WHAT YOU SHOULD DO:
Repeat exactly the lines below, from the line containing "Fato de homem" through the last line, both included. Leave out any pictures.

INFORMATION PROVIDED:
——

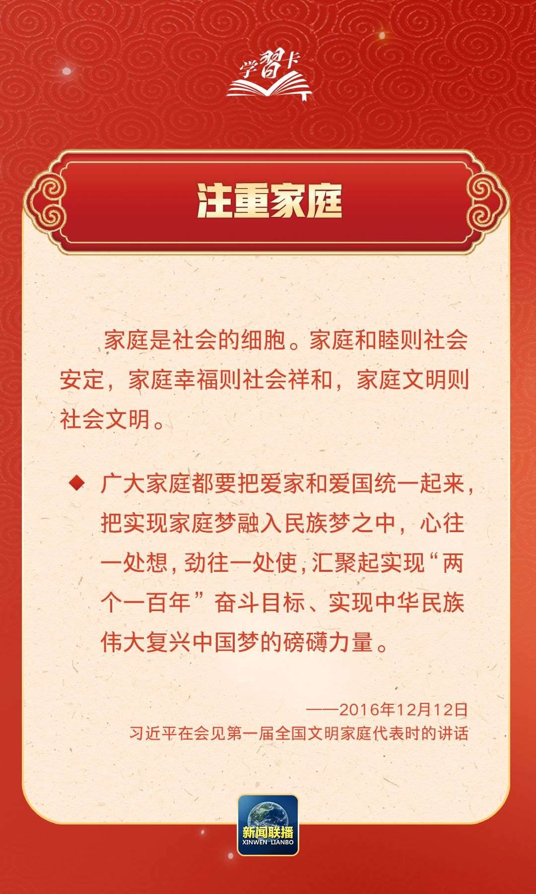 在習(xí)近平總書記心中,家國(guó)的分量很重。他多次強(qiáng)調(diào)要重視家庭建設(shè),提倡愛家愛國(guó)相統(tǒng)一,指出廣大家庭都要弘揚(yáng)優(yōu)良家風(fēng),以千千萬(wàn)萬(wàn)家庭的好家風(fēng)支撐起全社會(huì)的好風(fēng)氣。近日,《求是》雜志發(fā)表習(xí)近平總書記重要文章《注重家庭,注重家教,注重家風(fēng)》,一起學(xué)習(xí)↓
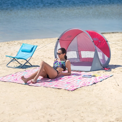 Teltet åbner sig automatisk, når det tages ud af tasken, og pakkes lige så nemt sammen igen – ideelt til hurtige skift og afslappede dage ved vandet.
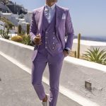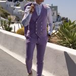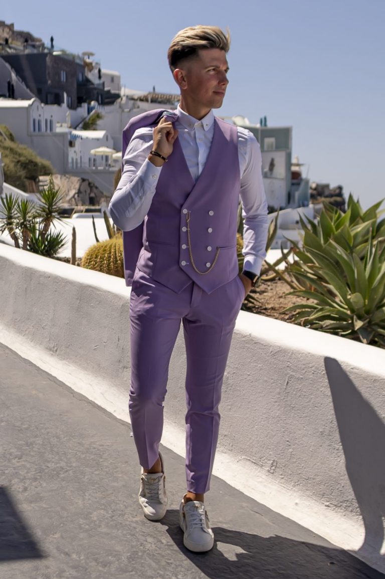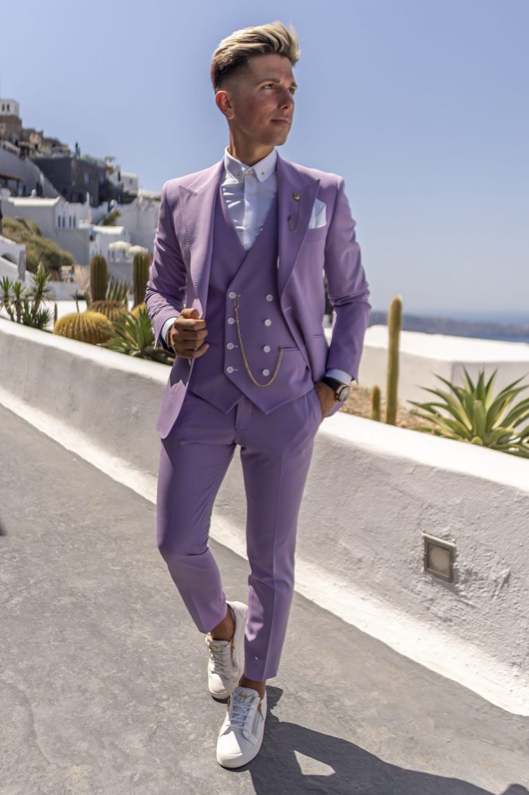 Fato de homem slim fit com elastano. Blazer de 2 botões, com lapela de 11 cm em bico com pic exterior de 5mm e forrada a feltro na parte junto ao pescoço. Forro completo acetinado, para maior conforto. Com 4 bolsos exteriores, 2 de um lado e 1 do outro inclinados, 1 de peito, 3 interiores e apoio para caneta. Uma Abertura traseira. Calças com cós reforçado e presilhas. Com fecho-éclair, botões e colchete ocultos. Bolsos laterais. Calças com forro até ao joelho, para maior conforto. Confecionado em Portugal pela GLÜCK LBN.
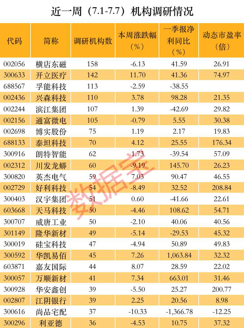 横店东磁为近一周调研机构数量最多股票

——

OUTPUT FOR THIS EXERCISE:
 Fato de homem slim fit com elastano. Blazer de 2 botões, com lapela de 11 cm em bico com pic exterior de 5mm e forrada a feltro na parte junto ao pescoço. Forro completo acetinado, para maior conforto. Com 4 bolsos exteriores, 2 de um lado e 1 do outro inclinados, 1 de peito, 3 interiores e apoio para caneta. Uma Abertura traseira. Calças com cós reforçado e presilhas. Com fecho-éclair, botões e colchete ocultos. Bolsos laterais. Calças com forro até ao joelho, para maior conforto. Confecionado em Portugal pela GLÜCK LBN.
 横店东磁为近一周调研机构数量最多股票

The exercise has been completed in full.